Preheat oven to 350 degrees F. Grease tops of a 12-cup standard muffin pan, then line with baking liners. Whisk the milk and vinegar together in a measuring cup and set aside for 5 to 10 minutes to curdle. Sift the flour, cornstarch, baking powder, baking soda, and salt together into a large bowl; set aside. In a small bowl, combine the milk mixture, oil, sugar, egg yolk, vanilla, almond extract, and rum, and mix together thoroughly. Add the wet ingredients to the dry, and mix until no large lumps remain [small ones are okay]. Fill cupcake liners 2/3 full and bake cupcakes for 18 to 22 minutes. Transfer to a cooling rack, and let cool completely. While the cupcakes cool, prepare the rum syrup. In a small saucepan, combine the butter, water, and sugar. Cook over medium heat until the butter completely melts and the sugar dissolves. Let reduce slightly, keeping an eye on it so it doesn’t boil over. Remove from the heat and stir in the rum (it may bubble). Let cool for 5 minutes. Cut a cone out of the top of each cooled cupcake and set it to the side. Using a spoon or pastry brush, coat the sides and bottom of the opening with rum syrup, about 2 teaspoons per cupcake. Fill each opening with about 2 teaspoons of pastry cream, place the cut-out cone back on the cupcake, and press down slightly to secure. Finally spread or pipe cream cheese frosting onto each cupcake! Raspberry Pastry Cream Makes about 1 1/2 cups

  • 3/4 cup milk [not skim]
  • 2 large egg yolks
  • 3 Tbsp sugar
  • 2 tsp cornstarch
  • Pinch of salt
  • 1 tsp unsalted butter, softened
  • 1/2 tsp pure vanilla extract
  • 2/3 cup fresh raspberries, coarsely mashed

Heat milk in a small saucepan over moderate heat until hot but not boiling. While milk heats, whisk together yolks, sugar, cornstarch, and salt in a heatproof bowl until smooth. Add 1/4 cup of hot milk to yolk mixture in a stream, whisking, then add remaining milk, whisking constantly. Transfer mixture to saucepan and cook over medium heat, stirring constantly, until thickened and comes to a boil, 5 to 10 minutes. Immediately force custard through a fine-mesh sieve into a clean bowl and stir in butter and vanilla. Chill custard, its surface covered with wax paper, until cold and thickened, at least 3 hours. Stir in mashed raspberries just before use.
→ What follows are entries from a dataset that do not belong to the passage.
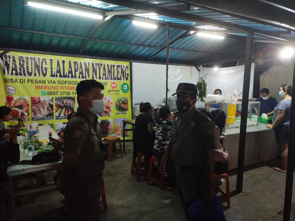 Satuan Polisi Pamong Praja tidak bosdan-bosannya hadir di ruang-ruang publik untuk mengingatkan warga masyarakat yang melakukan aktifitas ekonomi dan masyarakat yang di luar rumah untuk selalu mentaati protokol kesehatan. Tujuannya untuk memastikan warga masyarakat patuh pada peraturan pemerintah dalam upaya mencegah dan mengendalikan Covid-19. Sehingga upaya Pemerintah akan segera menampakkan hasilnya. Denpasar, 21 Agustus 2021.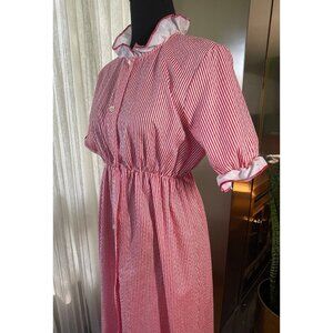 Adorable ankle length shirtdress from the 70s, red and white stripes with 3/4 length sleeves and elastic waist. The sleeves and the collar are both ruffled with contrasting white material. The front is buttoned from the neck to the bottom.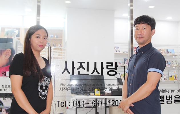 홍성읍 롯데마트 4층에서 ‘사진사랑’을 운영하는 이한경(46) 씨, 그의 가게에 진열된 사진의 모델은 거의 모두 자신의 가족이다. 아내 이하나(29) 씨를 비롯해 어린 3남매까지 정말 한경 씨가 모델로 삼을 만큼 모두 인물이 좋다. 요즘 전 국민이 사진사여서 사진관이 어려울 것 같은데 한경 씨는 나름대로 틈새시장을 개발했다. 스마트폰으로 찍은 사진을 편집해주고, 오래 전 옛날 퇴색한 사진을 가져오면 새롭게 만들어 주기도 하며, 사진으로 선물용 액자를 만들기도 한다.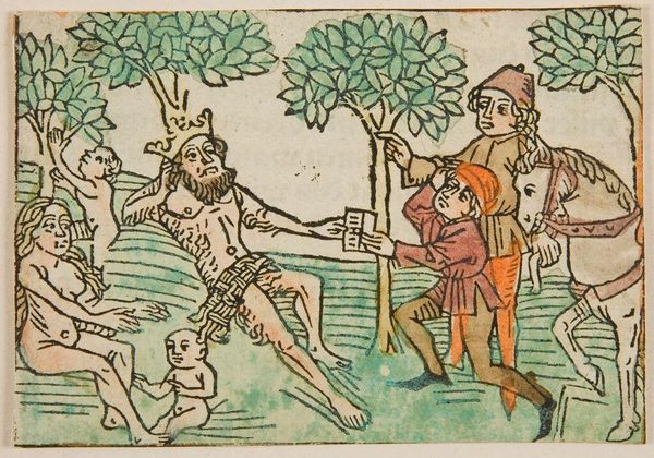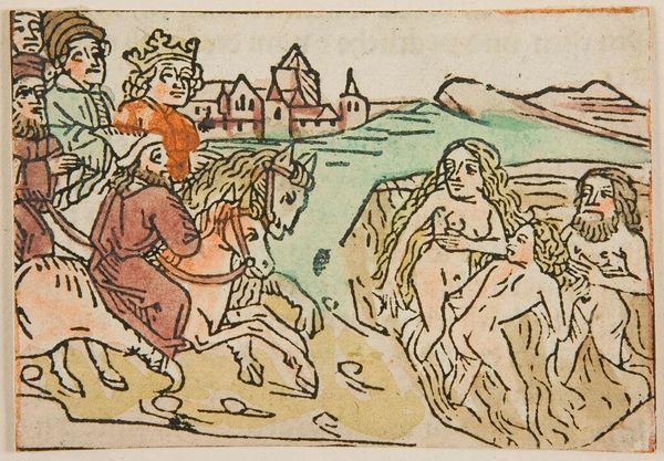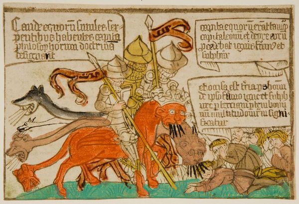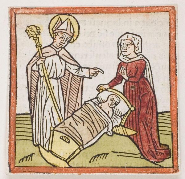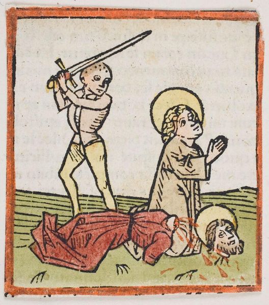 Curator: This is "Beheading of Saint John the Baptist," an anonymous work held here at the Harvard Art Museums. Editor: It's striking how flat and graphic it is, like a scene from a medieval comic strip. Almost naive, but with real violence. Curator: Indeed. The beheading is a common subject in Christian art, often symbolizing martyrdom and unwavering faith. Notice how the halo still hovers around the severed head. Editor: That halo feels important. It's like even in death, his holiness persists. And the executioner looks almost bored, doesn't he? Curator: Precisely! Such a depiction might suggest a commentary on the banality of evil, the casual indifference to profound acts. Editor: It’s stark but gets the message across. A brutal scene, yes, but the graphic style almost… distances us from the horror. Makes you think. Curator: Yes, it is powerful how such simple symbols can carry so much meaning. Editor: A story told with such economy, yet it echoes through centuries. Fascinating.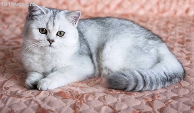 - Серебристый. Признан наиболее распространённым окрасом породы. Живот и грудь кошек почти всегда белые, тёмные участки локализуются на спине, боках и хвосте.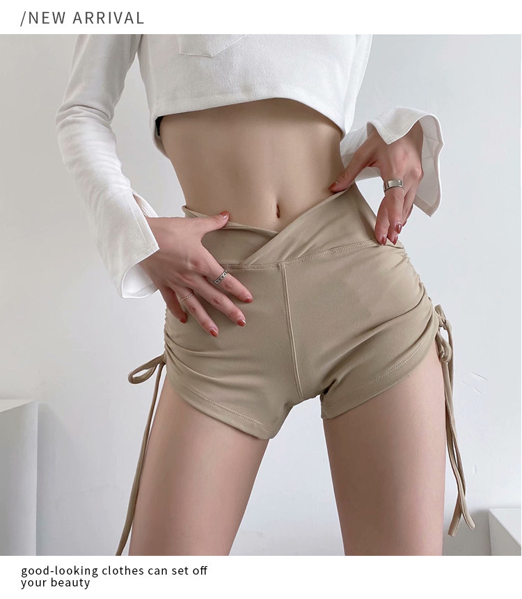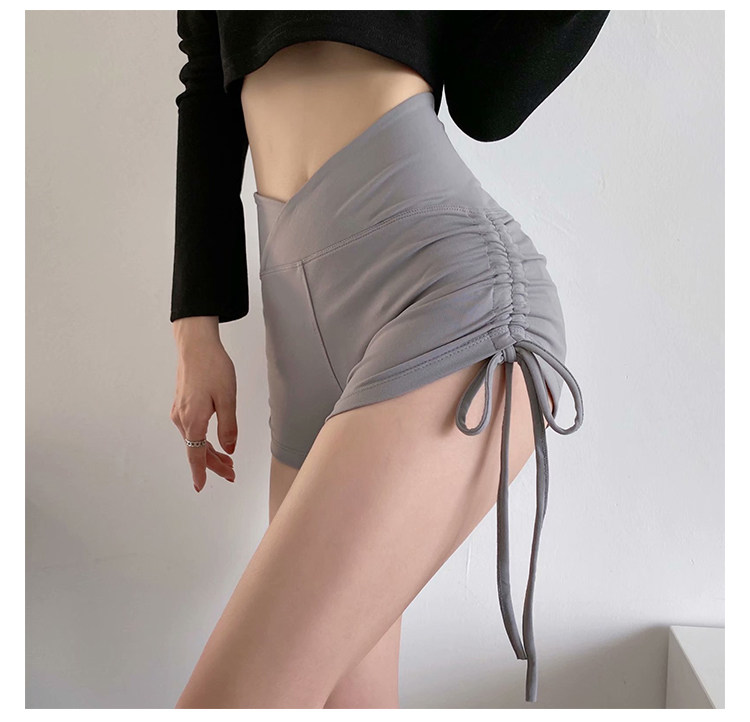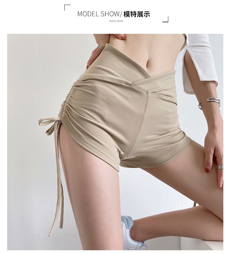 歐美性感健身瑜珈抽繩跳鋼琯舞蹈運動短褲女夏高腰提臀蜜桃臀熱褲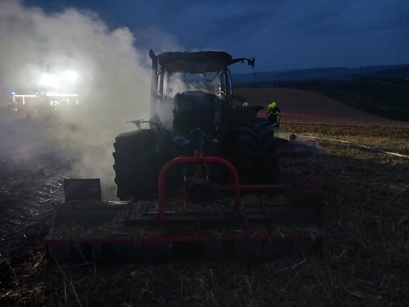 Do obce Archlebov na Hodonínsku vyjeli pár minut po půl šesté profesionální hasiči ze stanic Hodonín a Kyjov společně s jednotkami SDH obcí Archlebov, Žarošice a Ždánice k požáru traktoru.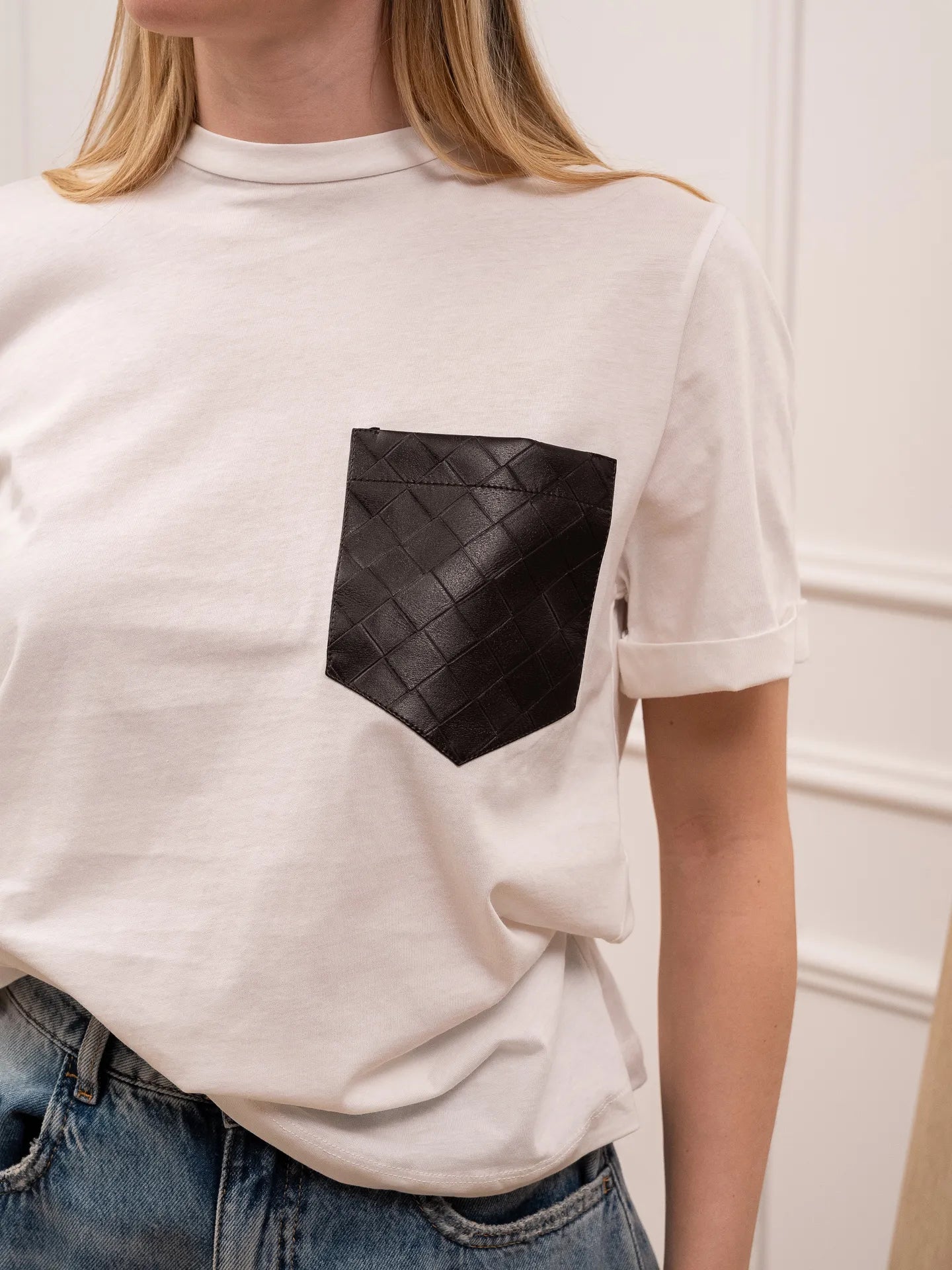 T shirt color bianco Tensione In. Modello girocollo a manica corta. Fit regolare con dettaglio di tasca in ecopelle intecciata color moro.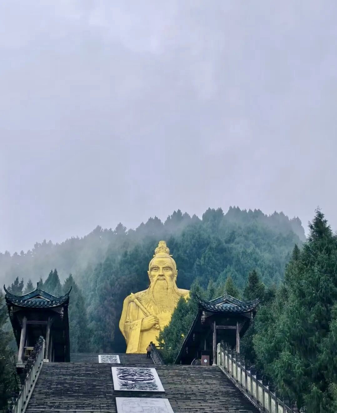 但不管是“凤”还是“峰”,这座位于蓬溪、射洪、西充三县交界处,海拔547米的山,确实有两样“第一”:国内身量最高的老子石像,与八卦迷宫古建筑,藏着川北独有的人文奇景与自然灵秀。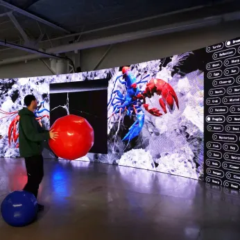 The studio works with the infinite and random combinations produced by interactive systems that the audience influences and transforms. The interaction is at the core of it all. It is only the relationship between the people and the piece that finalizes the artwork and gives it meaning.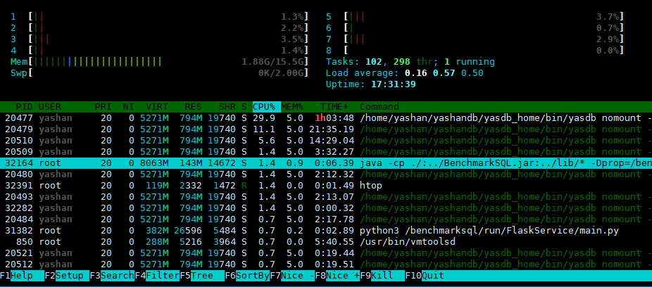 测试过程中,YashanDB 和 BenchmarkSQL 的运行载荷都正常。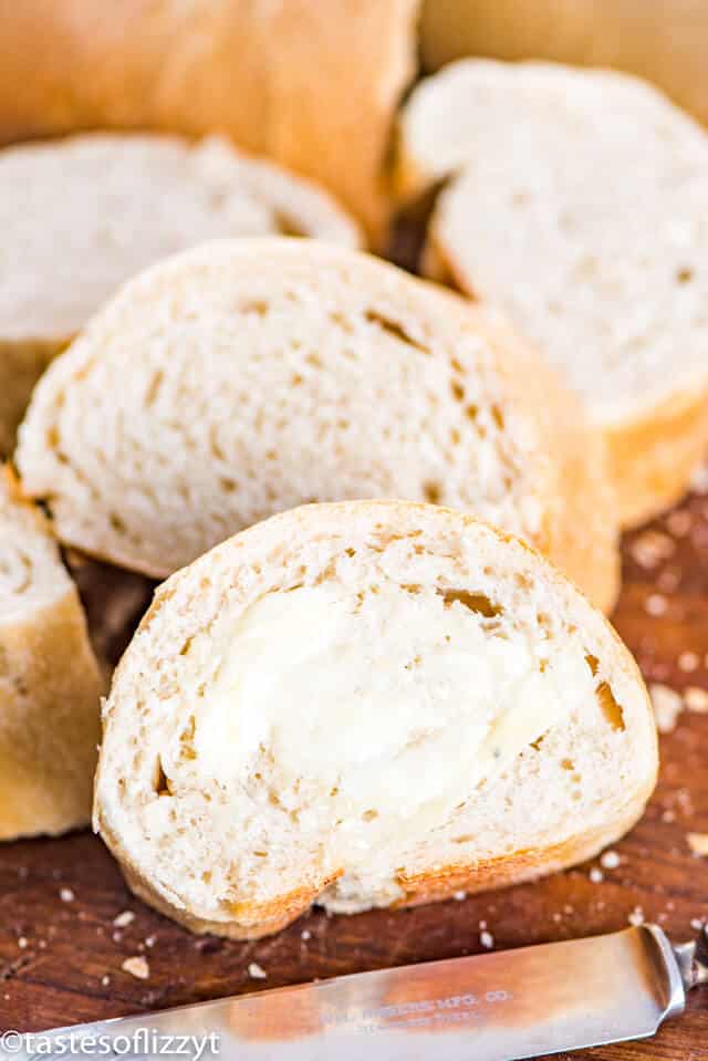 Italian bread is similar to white bread. Italian bread is known for having a moist and absorbent interior that is perfect for soaking up soups and sauces. Italian bread has a little bit of a chewy crust and is often round in shape, although we’ve shaped our Italian bread into loaves.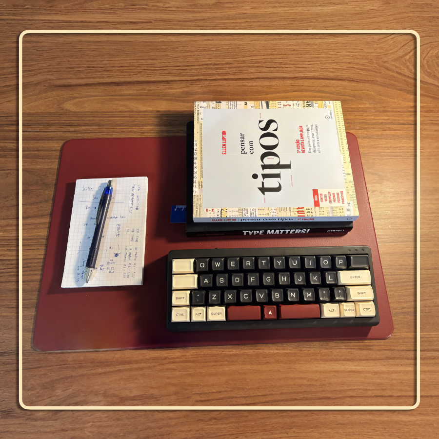 Meu teclado TH40, ao lado das anotações que eu fiz durante sua configuração.

Pipeable Cream Cheese Frosting

  • 3/4 to 1 cup (1 1/2 to 2 sticks) trans fat-free margarine or butter, room temperature
  • 1 1/2 to 3 cups (6.5 to 13.25 oz.) powdered sugar
  • 1 tsp pure vanilla extract
  • 8 oz. (1 block) vegan or full-fat dairy cream cheese, cold and cut into large chunks

Sift powdered sugar into a small bowl. In a larger mixing bowl, cream the butter, 1 1/2 cups of powdered sugar, and vanilla until thoroughly blended and fluffy. Add the cream cheese, a chunk at a time, beating after each addition (just enough to work it in until it’s smooth). Taste the frosting, adding and beating in more sugar as needed. Be careful to avoid overbeating or the cream cheese may start to break down and become gloppy. If not using immediately, chill until needed, then beat again until smooth just before using.